Di Sandor20 febbraio 20269 min di lettura

Risposta rapida

I colori italiani più essenziali sono rosso (red), blu (blue), giallo (yellow), verde (green), bianco (white) e nero (black). La maggior parte degli aggettivi di colore in italiano cambia forma per accordarsi con genere e numero del nome (rosso/rossa/rossi/rosse), ma alcuni colori comuni come blu, rosa, viola e arancione sono invariabili e non cambiano mai.

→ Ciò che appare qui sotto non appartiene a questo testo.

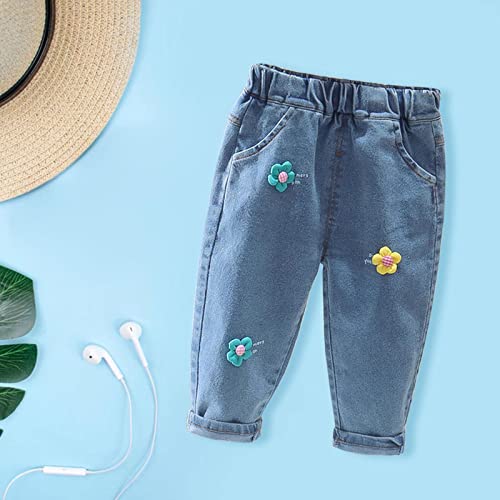 Toddler Baby Girl Baggy Jeans Pull on Denim Pants Flower Print Elastic Waist Trousers Stretch Toddler Fall Clothes 4
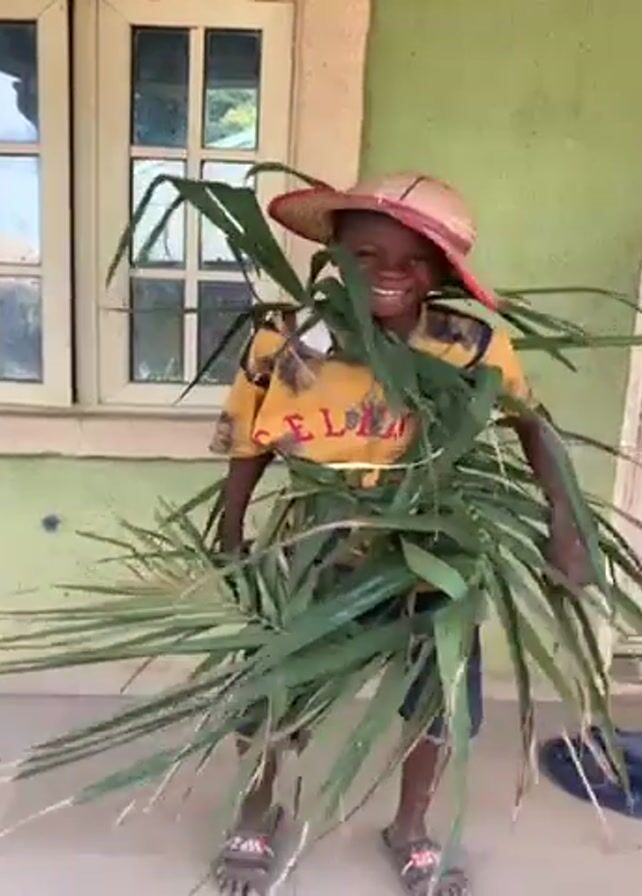 A young child stands on a covered porch next to a window. The child is wearing a yellow t-shirt, dark pants, and a straw hat with a red brim. The child is surrounded by tall green leaves that are tied around their body. The child moves from side to side while holding the leaves. The background includes a light green wall, the window with white trim, and an open door.

I colori italiani più importanti da imparare per primi sono rosso (rosso), blu (blu), giallo (giallo), verde (verde), bianco (bianco) e nero (nero). Il vocabolario dei colori in italiano è ricco e preciso. È anche legato alla tradizione artistica del Paese. Inoltre ha una regola grammaticale che mette in difficoltà quasi tutti: alcuni colori cambiano forma per concordare con il nome, altri non cambiano mai.

Con circa 68 milioni di madrelingua secondo i dati 2024 di Ethnologue, l’italiano si parla in Italia, nella Svizzera meridionale, a San Marino e in comunità in tutto il mondo. I colori compaiono continuamente nella vita quotidiana, dall’ordinare vino rosso in trattoria al descrivere un cielo azzurro su Firenze, fino a comprare una gonna nera a Milano.

"L’italiano conserva una distinzione lessicale tra blu e azzurro che rispecchia la separazione greca antica tra blu scuro e blu chiaro, una distinzione che molte lingue europee moderne hanno fuso in un’unica categoria."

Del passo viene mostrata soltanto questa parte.